= Data below =
******

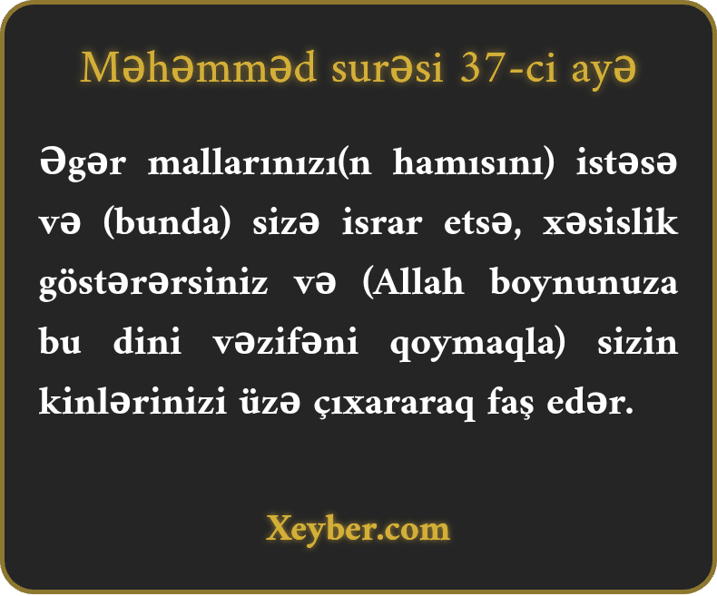 Əgər mallarınızı(n hamısını) istəsə və (bunda) sizə israr etsə, xəsislik göstərərsiniz və (Allah boynunuza bu dini vəzifəni qoymaqla) sizin kinlərinizi üzə çıxararaq faş edər.
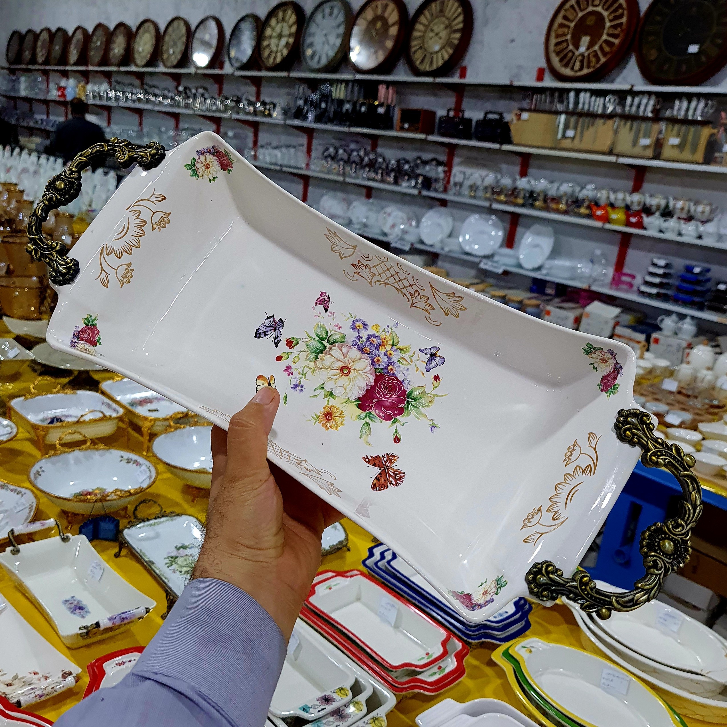 تابه مستطیل سرامیکی طرح پروانه مدل 301 مبلمونسرا مدل 291549
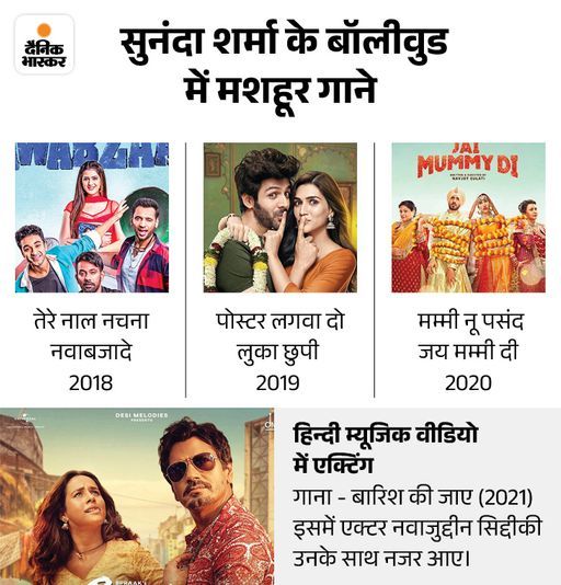सुनंदा शर्मा पंजाबी म्यूजिक इंडस्ट्री का नामी चेहरा है। उन्होंने बॉलीवुड अभिनेता नवाजुद्दीन सिद्दीकी के साथ म्यूजिक वीडियो “बारिश की जाए में” अभिनय किया था, जो काफी लोकप्रिय हुआ। इसके अलावा, सुनंदा, सलमान खान के शो बिग बॉस में भी गेस्ट बनकर जा चुकी हैं, जहां सलमान ने उनके गानों की जमकर तारीफ की थी।

******

= Your task =
This exercise asks for the data above to be given again exactly, without pictures.

= Output of the exercise =
 Əgər mallarınızı(n hamısını) istəsə və (bunda) sizə israr etsə, xəsislik göstərərsiniz və (Allah boynunuza bu dini vəzifəni qoymaqla) sizin kinlərinizi üzə çıxararaq faş edər.
 تابه مستطیل سرامیکی طرح پروانه مدل 301 مبلمونسرا مدل 291549
सुनंदा शर्मा पंजाबी म्यूजिक इंडस्ट्री का नामी चेहरा है। उन्होंने बॉलीवुड अभिनेता नवाजुद्दीन सिद्दीकी के साथ म्यूजिक वीडियो “बारिश की जाए में” अभिनय किया था, जो काफी लोकप्रिय हुआ। इसके अलावा, सुनंदा, सलमान खान के शो बिग बॉस में भी गेस्ट बनकर जा चुकी हैं, जहां सलमान ने उनके गानों की जमकर तारीफ की थी।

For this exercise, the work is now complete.